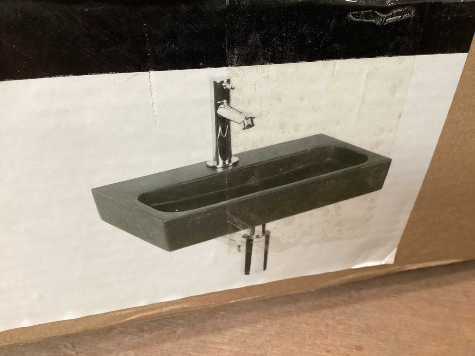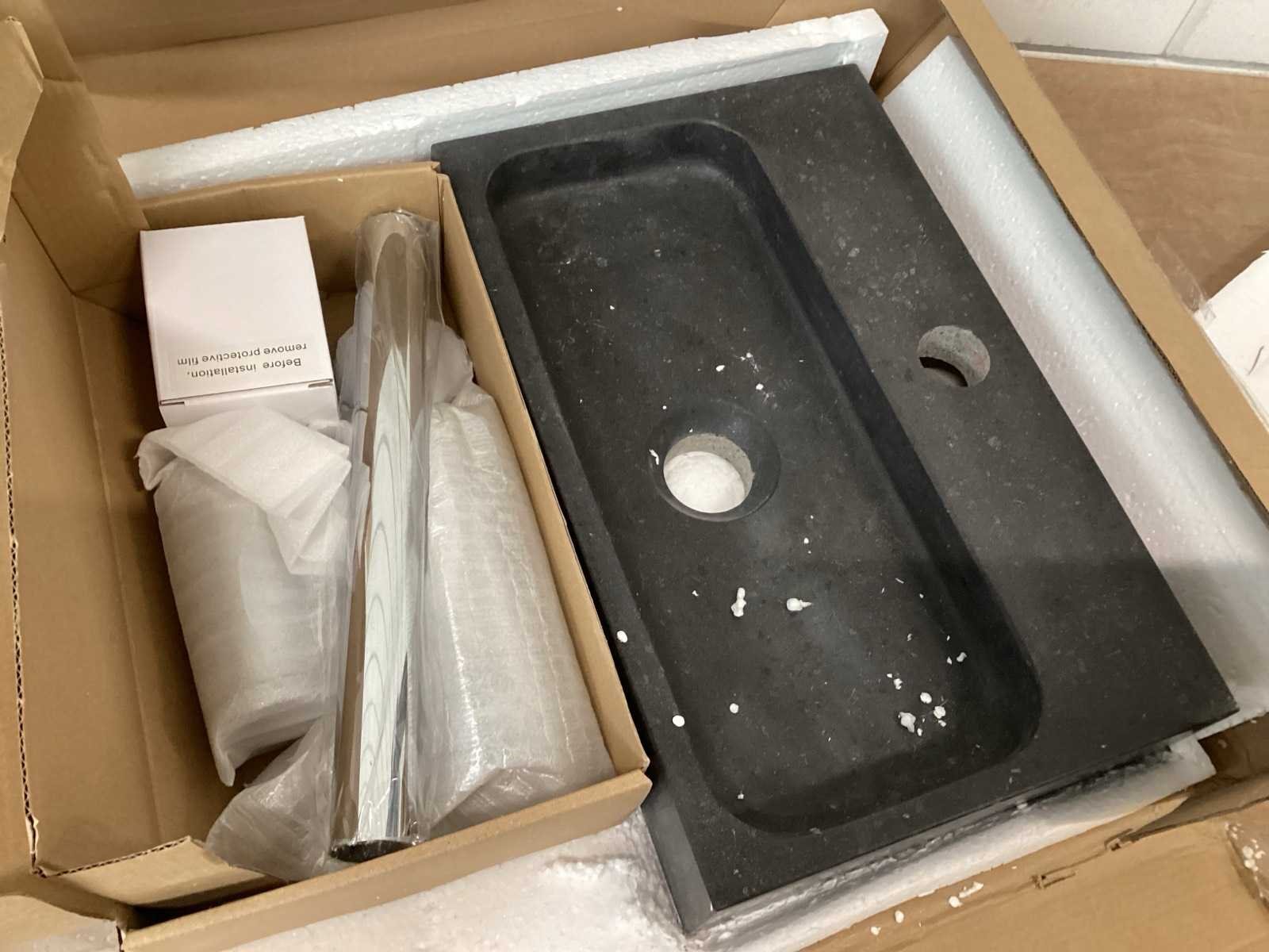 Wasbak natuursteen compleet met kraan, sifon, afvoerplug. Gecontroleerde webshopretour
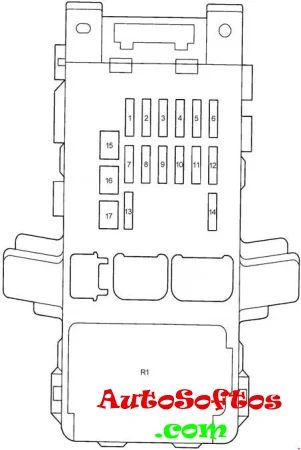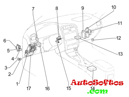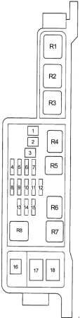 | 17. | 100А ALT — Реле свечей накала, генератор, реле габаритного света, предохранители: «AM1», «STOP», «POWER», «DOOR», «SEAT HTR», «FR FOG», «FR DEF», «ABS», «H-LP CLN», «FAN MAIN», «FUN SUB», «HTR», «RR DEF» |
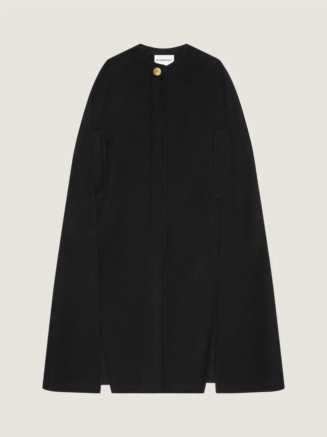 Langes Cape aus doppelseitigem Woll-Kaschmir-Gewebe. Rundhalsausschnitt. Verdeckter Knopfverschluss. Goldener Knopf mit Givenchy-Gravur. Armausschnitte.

_The problem_
Leaving aside every picture, transcribe exactly the lines that run from the one with "накала, генератор, реле" to the close of the listing above.

_Result_
 | 17. | 100А ALT — Реле свечей накала, генератор, реле габаритного света, предохранители: «AM1», «STOP», «POWER», «DOOR», «SEAT HTR», «FR FOG», «FR DEF», «ABS», «H-LP CLN», «FAN MAIN», «FUN SUB», «HTR», «RR DEF» |
 Langes Cape aus doppelseitigem Woll-Kaschmir-Gewebe. Rundhalsausschnitt. Verdeckter Knopfverschluss. Goldener Knopf mit Givenchy-Gravur. Armausschnitte.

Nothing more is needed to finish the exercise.